After a game of curling there often seems to be a disconnect between the ice conditions and how players think the ice affected their game. Time and time again missed shots are blamed on poor ice conditions. Players rarely stop to think about the effect they're having on the ice surface. The truth is players have a lot more to do with creating their own on-ice environment than they think.


Leaving your hands, fingers, knees or rear end on the ice for any extended period of time will cause problems. The time it takes to permanently burn warm body parts into the ice does not take very long because your body is so warm. In seconds the ice starts melting, and you can take the pebble right off, and leave an impression in the ice.


Debris left behind from grippers can be a nightmare. The little bits of rubber that come off a gripper can cause rocks to pick and leave the ice looking dirty. Purchase a new gripper every season and give it a good wash with soap and water a couple times a year.
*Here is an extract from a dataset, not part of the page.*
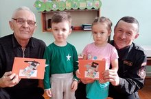 Бүген кечкенәләр төркеме балалары бакчада эшләүче абыйларны Ватанны саклаучылар бәйрәме белән котладылар. /Сегодня дети младшей группы поздравили сотрудников детского сада с праздником.
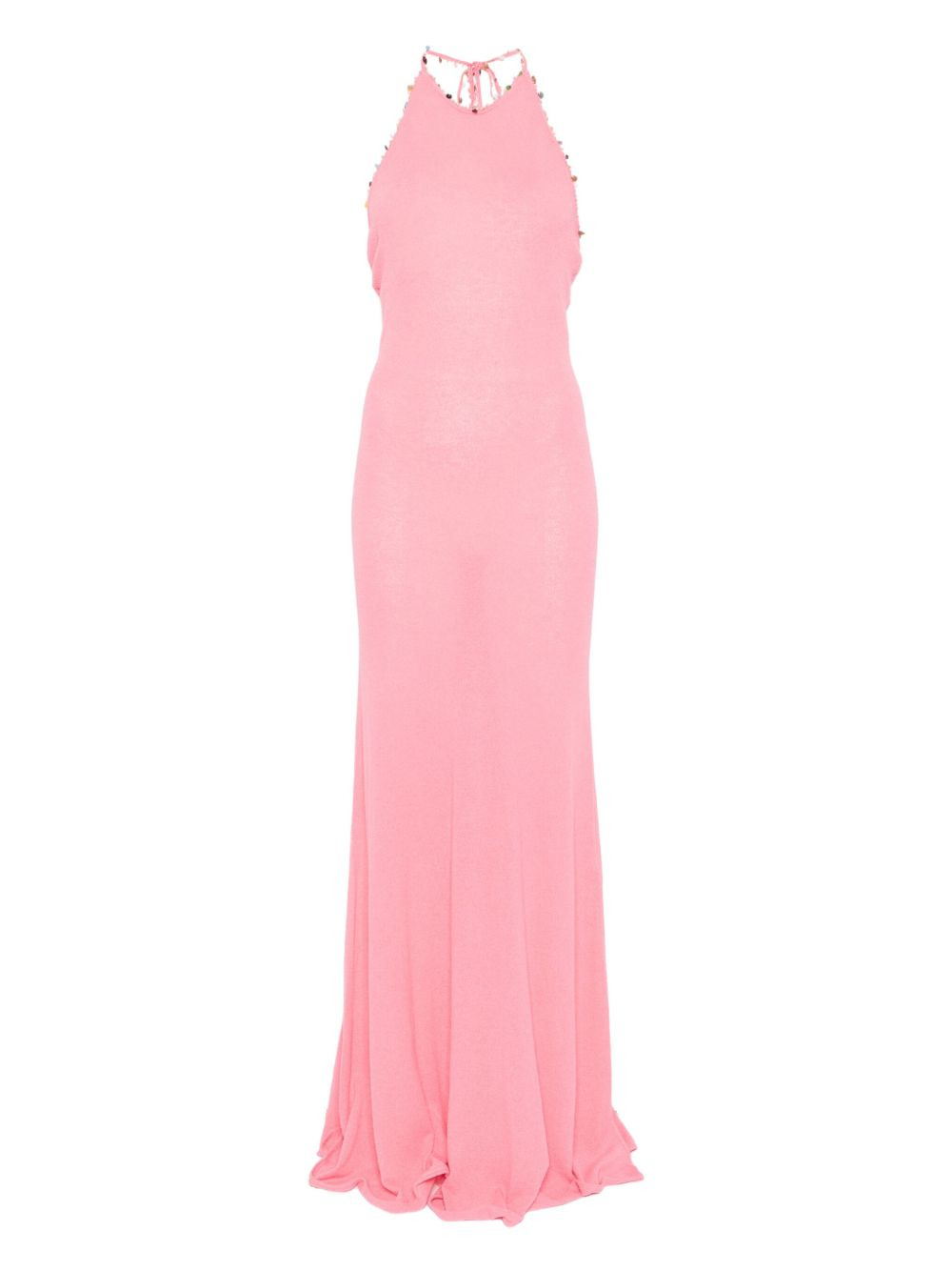 embellished halterneck dress Highlights - Cerise pink Imported Composition Natural Stone 100%, Cotton 75%, Nylon 25% SIZE & FIT Model measurements Height 5 ft 9 in(1.75 m) Bust/Chest 32.67 in(83 cm) Hips 36.22 in(92 cm) Waist 24.8 in(63 cm)

Grippers collect everything because they're made from soft rubber... It doesn't hurt to wash your gripper. This will also give you a chance to have a look to see if you need a new one.


To keep from gouging the ice, avoid using scratched sliders. The deep gouges left behind by an ill-maintained slider can later have an effect on how rocks react to the ice surface. Check your slider regularly and replace if necessary.


Make sure you have one pair of shoes dedicated to curling and curling only. We ask that you clean your footwear at the entrance way every time you enter the building.